Problem: results return in one shot → OOM on large sets (no limit/offset on range queries).
Change: opaque cursor = (last_bucket_id, last_offset) encoded base64. Add limit (default
1000, max 10k) + cursor params; C range query resumes from the cursor instead of scanning from
zero. Response carries next_cursor (null at end).
Acceptance: 1M-row table paginates in bounded memory; cursor round-trips. Effort: 1 wk. Risk: medium.
P1.4 — Query timeouts & cancellation 🟠 reliability
Section titled “P1.4 — Query timeouts & cancellation 🟠 reliability”Where: _api.py query execution; C query loop.
Change: server-side deadline (HMDB_QUERY_TIMEOUT_MS, default 30s). C scan loop checks a
deadline/cancel flag every K rows and returns a partial-with-timed_out=true or raises. Prevents
a single pathological full-scan from blocking the write lock indefinitely.
Acceptance: a deliberately huge full-scan aborts at the deadline with 504. Effort: 0.5–1 wk. Risk: medium (touches the C hot loop).
P1.5 — Collapse 3 processes → 1 clean boundary 🟠 architecture
Section titled “P1.5 — Collapse 3 processes → 1 clean boundary 🟠 architecture”Where: server/_core/index.ts (spawns FastAPI + bridge), server/hypermesh_bridge.py.
Change: Node keeps only the web/tRPC + auth role and talks to one FastAPI over HTTP
(HYPERMESH_API_URL). Delete the bridge (after P0.4 deprecation). Add a supervised health-check:
if FastAPI is unreachable, tRPC returns a clean 503 with a “backend starting” state instead of
opaque 502s. Document the two-process topology (web + db-api) as the supported deployment.
Acceptance: one node + one python process; bridge gone; FastAPI-down → graceful 503.
Effort: 1 wk. Risk: medium.
P1.6 — SDK to 1.0 (the front door) 🟢 adoption
Section titled “P1.6 — SDK to 1.0 (the front door) 🟢 adoption”Where: sdk-ts/src/ — strongest existing surface (typed, zero-dep).

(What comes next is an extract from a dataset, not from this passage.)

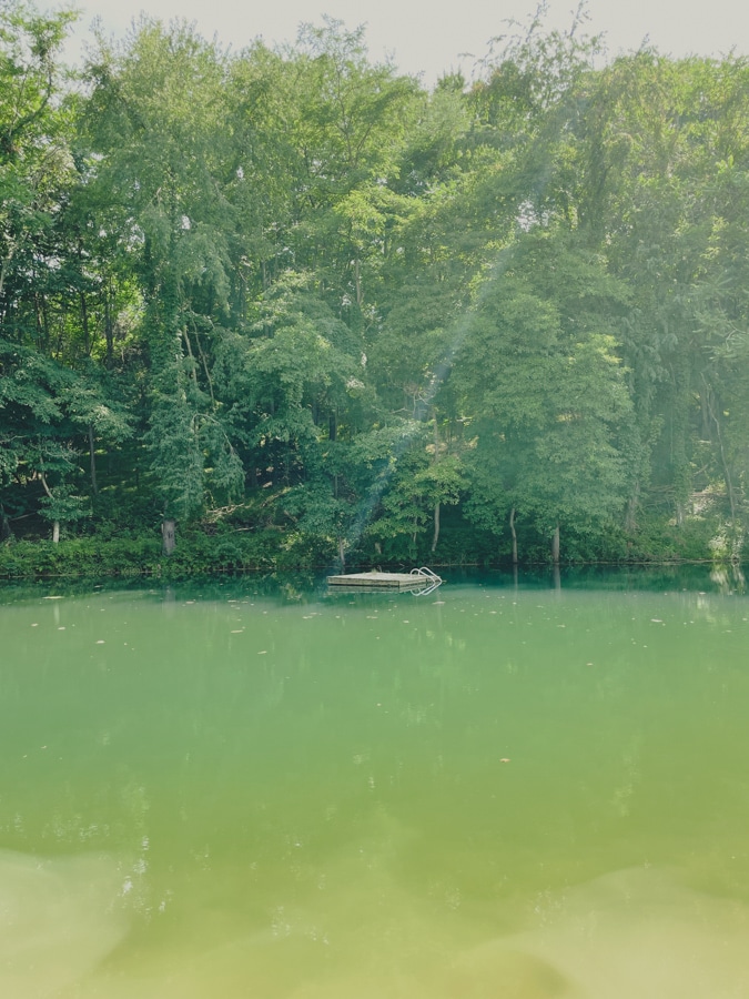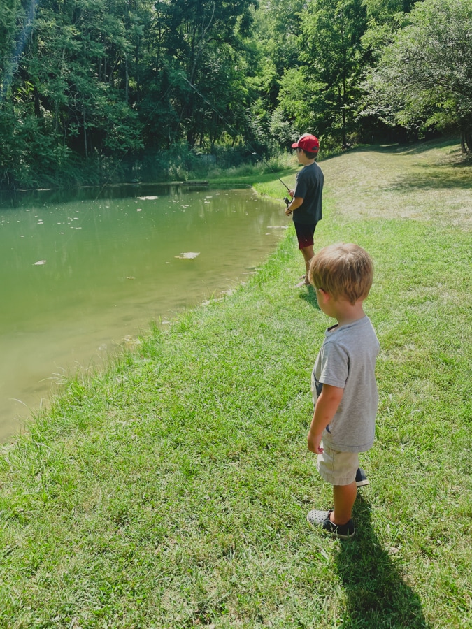 Behind the house there is an ice cold spring-fed pond. The boys took a swim to the dock to find a nice snake waiting there for them! Needless to say I did not put one toe in the pond.

Change: full type coverage for connectors/analytics/virtual (currently partial); retry + backoff with idempotency awareness; semver 1.0 + CHANGELOG; quickstart README (“install → create table → insert → query in 10 lines”); publish pipeline.

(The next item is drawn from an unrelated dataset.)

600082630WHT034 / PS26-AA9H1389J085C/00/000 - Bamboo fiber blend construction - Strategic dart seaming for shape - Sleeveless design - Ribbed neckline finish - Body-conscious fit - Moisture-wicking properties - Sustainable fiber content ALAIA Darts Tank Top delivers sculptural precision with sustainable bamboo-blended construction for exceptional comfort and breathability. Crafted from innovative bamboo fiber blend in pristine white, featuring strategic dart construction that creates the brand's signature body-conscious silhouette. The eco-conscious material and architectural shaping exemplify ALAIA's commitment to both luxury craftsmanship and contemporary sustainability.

Acceptance: 1.0 published, npm i quickstart runs end-to-end against a local server.
Effort: 1 wk. Risk: low.
P1.7 — CI/CD + automated backups 🟠 ops
Section titled “P1.7 — CI/CD + automated backups 🟠 ops”Where: new .github/workflows/ci.yml; docker-compose*.yml; _cli.py backup
(539-619).
Change:
- CI:
pytest(incl. new injection/crash/txn suites),tsc,vitest,docker build, a dependency/secret scan. Block merge on red. - Backups: a sidecar/cron that runs
hmdb backupon a schedule to a configured target (S3/GCS), with restore-verification in CI (backup → restore → integrity check).
Acceptance: PRs run CI green-gated; nightly backup artifact produced and test-restored. Effort: 1 wk. Risk: low.
Sequencing / dependencies
Section titled “Sequencing / dependencies”- Phase 0 ships first, independently (days).
- P1.1 + P1.2 are joined (durability + atomic commit share the WAL changes) — do as one ~3–4 wk workstream, behind the fault-injection suite.
- P1.3/P1.4 parallelizable after P1.1 lands (they touch the C query path; coordinate merges).
- P1.5/P1.6/P1.7 are independent and can run in parallel by a second person.
Explicit non-goals for Phases 0–1
Section titled “Explicit non-goals for Phases 0–1”- No Snowflake/Postgres Virtual backend; Virtual stays DuckDB + “experimental.”
- No new AI surface; SNN/RAG stay as-is, labeled experimental.
- No new Mayo/JAMA ML claims beyond the honest reframe in P0.5.